Under Release 10 of the LTE specifications, this problem can be solved by switching from a DMRS-based transmission method to CRS-based beam forming methods. This switching is accomplished through the use of Radio Resource Control (RRC) signaling sent to the mobile terminal to indicate which transmission mode to use, CRS-based or DMRS based. Details may be found in 3GPP TS 36.331, available at www.3gpp.org. Alternatively, the system may automatically fall back to a transmit diversity (TxDiv) scheme if the terminal is configured with no precoder feedback. CRS-based channel estimation is then used by the mobile terminal for demodulating data, which is transmitted to the mobile terminal using the TxDiv or large Cyclic Delay Diversity (CDD) approaches, which are both well-known in the art and described in 3GPP TS 36.211 and 3GPP TS 36.213.
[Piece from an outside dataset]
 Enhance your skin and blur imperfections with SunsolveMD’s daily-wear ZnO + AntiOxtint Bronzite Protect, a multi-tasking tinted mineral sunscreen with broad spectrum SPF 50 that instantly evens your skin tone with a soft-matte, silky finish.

However, these approaches to handling unreliable channel state information cannot be used effectively with a lean carrier, since no CRS is present in a majority of the downlink subframes. One possible solution to this problem is to simply turn on all CRS in a cell if it becomes known that the channel state information for a single mobile terminal is unreliable or unavailable. Clearly it will not be energy efficient to turn on the CRS to solve occasional problems with unreliable or non-existent precoder information for a single mobile terminal. Further, a solution based on turning on and off the CRS would require signaling to all UEs in the cell, to notify them of this CRS reconfiguration.
Hence, there is a need for improved techniques for managing DMRS-based and CRS-based transmissions in the event that reliable precoder information is unavailable, especially when techniques like lean carrier are used.